Data in this exercise START

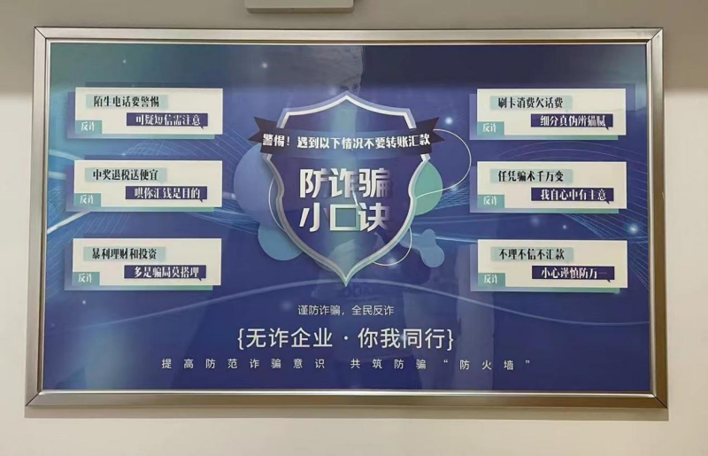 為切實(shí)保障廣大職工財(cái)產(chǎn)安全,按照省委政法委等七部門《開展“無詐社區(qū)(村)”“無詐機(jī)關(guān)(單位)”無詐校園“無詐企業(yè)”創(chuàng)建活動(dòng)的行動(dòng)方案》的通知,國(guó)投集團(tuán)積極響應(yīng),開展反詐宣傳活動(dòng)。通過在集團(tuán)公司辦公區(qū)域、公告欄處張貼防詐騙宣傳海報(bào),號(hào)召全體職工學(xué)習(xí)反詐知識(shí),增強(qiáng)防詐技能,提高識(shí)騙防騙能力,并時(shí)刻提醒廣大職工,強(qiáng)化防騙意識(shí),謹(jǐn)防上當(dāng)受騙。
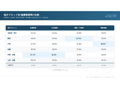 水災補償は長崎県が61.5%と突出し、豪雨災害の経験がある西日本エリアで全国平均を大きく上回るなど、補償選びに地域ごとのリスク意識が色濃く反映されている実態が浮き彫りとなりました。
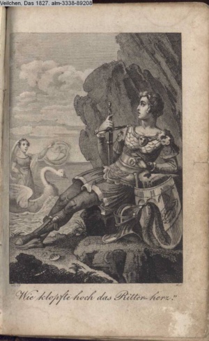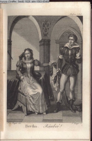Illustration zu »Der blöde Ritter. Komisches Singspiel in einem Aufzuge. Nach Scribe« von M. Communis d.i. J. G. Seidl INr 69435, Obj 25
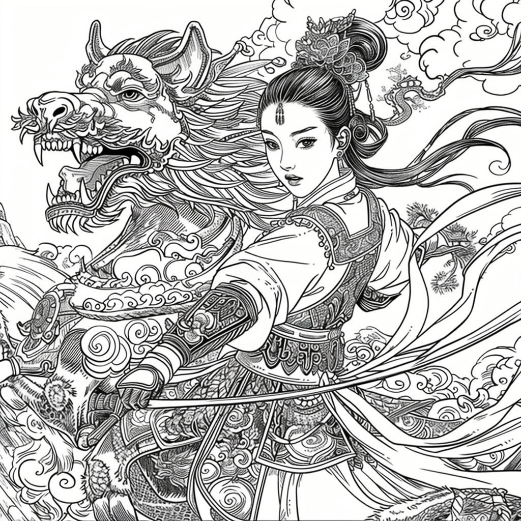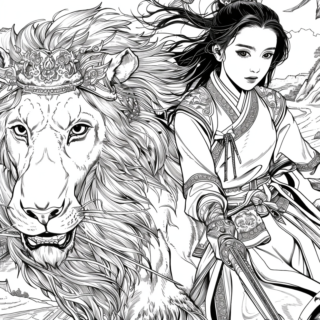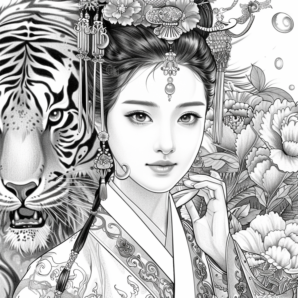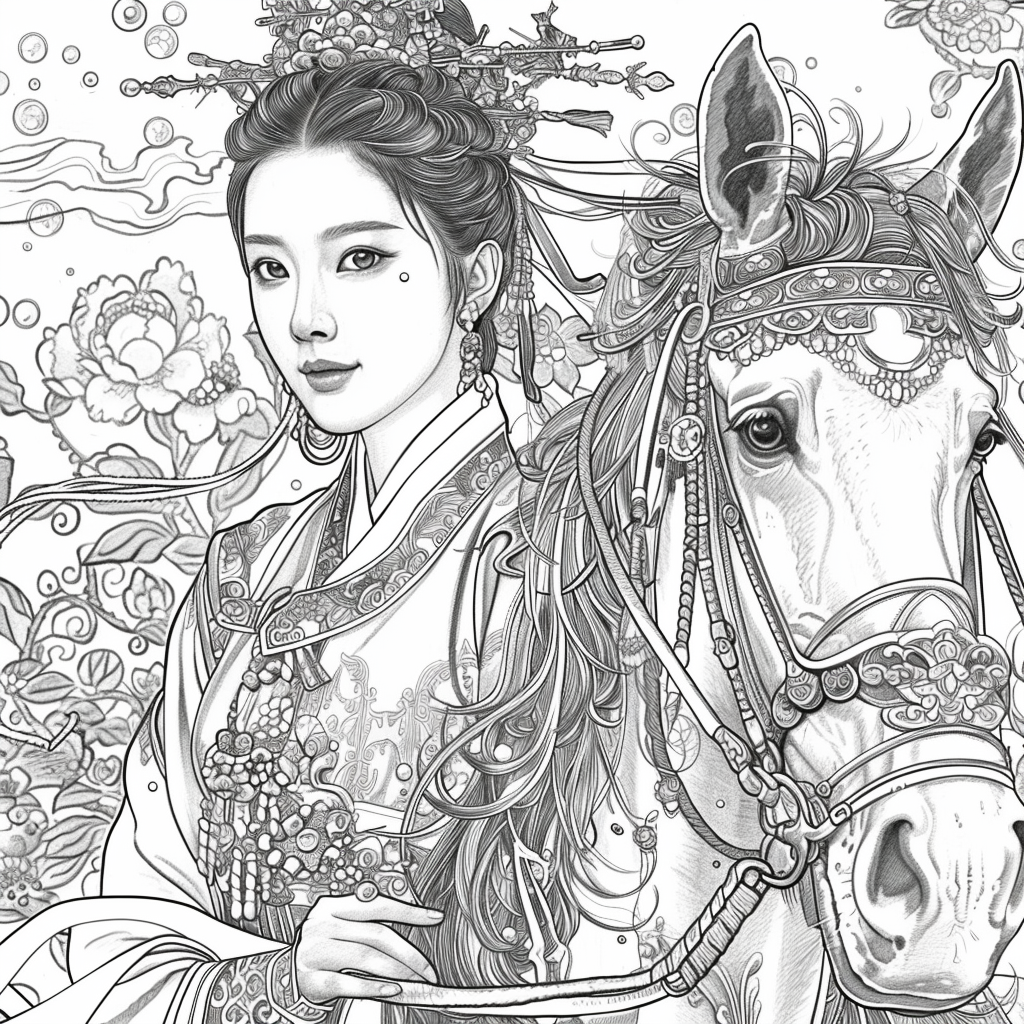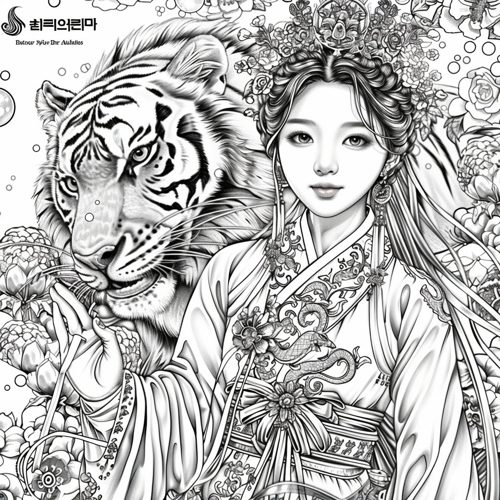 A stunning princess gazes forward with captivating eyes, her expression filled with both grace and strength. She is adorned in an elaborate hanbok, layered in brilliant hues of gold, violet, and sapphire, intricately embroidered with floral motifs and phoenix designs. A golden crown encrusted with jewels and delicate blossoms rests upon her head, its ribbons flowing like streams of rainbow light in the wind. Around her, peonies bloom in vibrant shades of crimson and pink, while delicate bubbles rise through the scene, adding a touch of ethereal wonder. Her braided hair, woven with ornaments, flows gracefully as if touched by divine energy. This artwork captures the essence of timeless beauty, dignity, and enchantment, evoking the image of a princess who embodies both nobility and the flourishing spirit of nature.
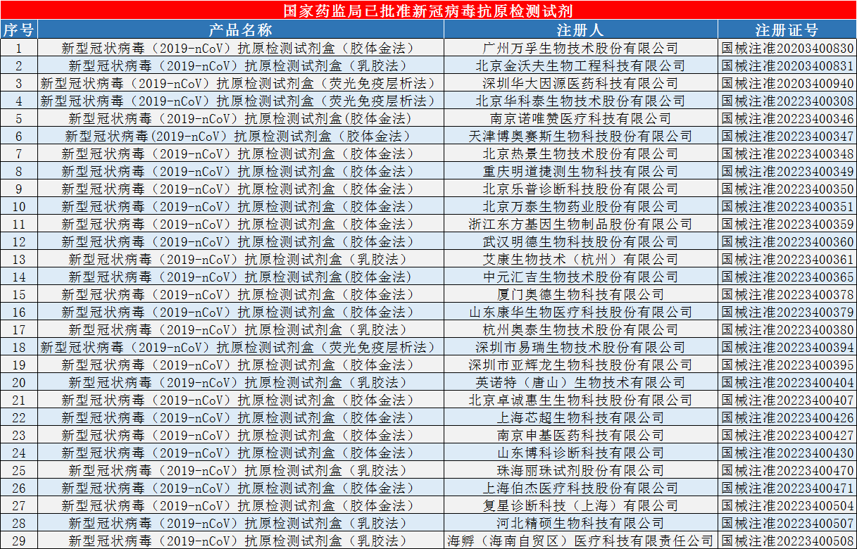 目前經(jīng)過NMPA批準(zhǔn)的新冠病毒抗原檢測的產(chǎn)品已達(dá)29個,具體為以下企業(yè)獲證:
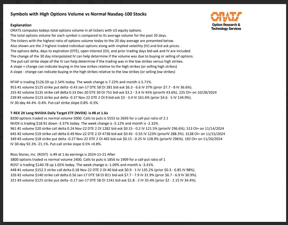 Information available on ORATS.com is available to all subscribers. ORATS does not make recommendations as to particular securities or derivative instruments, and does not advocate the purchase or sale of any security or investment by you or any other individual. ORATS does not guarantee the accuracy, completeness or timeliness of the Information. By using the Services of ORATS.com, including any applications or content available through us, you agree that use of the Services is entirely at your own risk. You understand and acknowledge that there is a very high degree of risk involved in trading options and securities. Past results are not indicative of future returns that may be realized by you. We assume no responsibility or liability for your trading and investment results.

Data in this exercise END
Data in this exercise START

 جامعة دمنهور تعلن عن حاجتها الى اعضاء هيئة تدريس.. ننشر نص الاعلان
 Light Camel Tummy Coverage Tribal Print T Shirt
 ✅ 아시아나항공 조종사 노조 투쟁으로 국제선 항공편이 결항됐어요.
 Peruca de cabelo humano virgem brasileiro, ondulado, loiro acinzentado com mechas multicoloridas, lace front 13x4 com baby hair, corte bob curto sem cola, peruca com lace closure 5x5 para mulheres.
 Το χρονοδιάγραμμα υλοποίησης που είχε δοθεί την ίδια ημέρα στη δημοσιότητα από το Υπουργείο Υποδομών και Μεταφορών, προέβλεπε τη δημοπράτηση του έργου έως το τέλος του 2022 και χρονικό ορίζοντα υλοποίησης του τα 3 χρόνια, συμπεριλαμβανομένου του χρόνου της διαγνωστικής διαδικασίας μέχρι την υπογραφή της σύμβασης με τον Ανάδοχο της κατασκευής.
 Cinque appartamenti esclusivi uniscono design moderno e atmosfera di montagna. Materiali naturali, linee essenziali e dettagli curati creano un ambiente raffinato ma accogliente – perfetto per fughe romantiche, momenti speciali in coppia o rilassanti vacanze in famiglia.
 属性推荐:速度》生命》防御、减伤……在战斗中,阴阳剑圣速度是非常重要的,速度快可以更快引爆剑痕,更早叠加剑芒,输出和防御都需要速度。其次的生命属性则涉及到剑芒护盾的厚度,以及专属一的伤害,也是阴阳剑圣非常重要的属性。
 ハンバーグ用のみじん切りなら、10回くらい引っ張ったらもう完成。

Data in this exercise END
Data in this exercise START

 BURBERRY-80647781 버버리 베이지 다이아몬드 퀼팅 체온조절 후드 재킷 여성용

Data in this exercise END

Find the line with "為切實(shí)保障廣大職工" in the data above, and from there retype each line exactly through the line with "69435, Obj 25", skipping the pictures along the way.

 為切實(shí)保障廣大職工財(cái)產(chǎn)安全,按照省委政法委等七部門《開展“無詐社區(qū)(村)”“無詐機(jī)關(guān)(單位)”無詐校園“無詐企業(yè)”創(chuàng)建活動(dòng)的行動(dòng)方案》的通知,國(guó)投集團(tuán)積極響應(yīng),開展反詐宣傳活動(dòng)。通過在集團(tuán)公司辦公區(qū)域、公告欄處張貼防詐騙宣傳海報(bào),號(hào)召全體職工學(xué)習(xí)反詐知識(shí),增強(qiáng)防詐技能,提高識(shí)騙防騙能力,并時(shí)刻提醒廣大職工,強(qiáng)化防騙意識(shí),謹(jǐn)防上當(dāng)受騙。
 水災補償は長崎県が61.5%と突出し、豪雨災害の経験がある西日本エリアで全国平均を大きく上回るなど、補償選びに地域ごとのリスク意識が色濃く反映されている実態が浮き彫りとなりました。
Illustration zu »Der blöde Ritter. Komisches Singspiel in einem Aufzuge. Nach Scribe« von M. Communis d.i. J. G. Seidl INr 69435, Obj 25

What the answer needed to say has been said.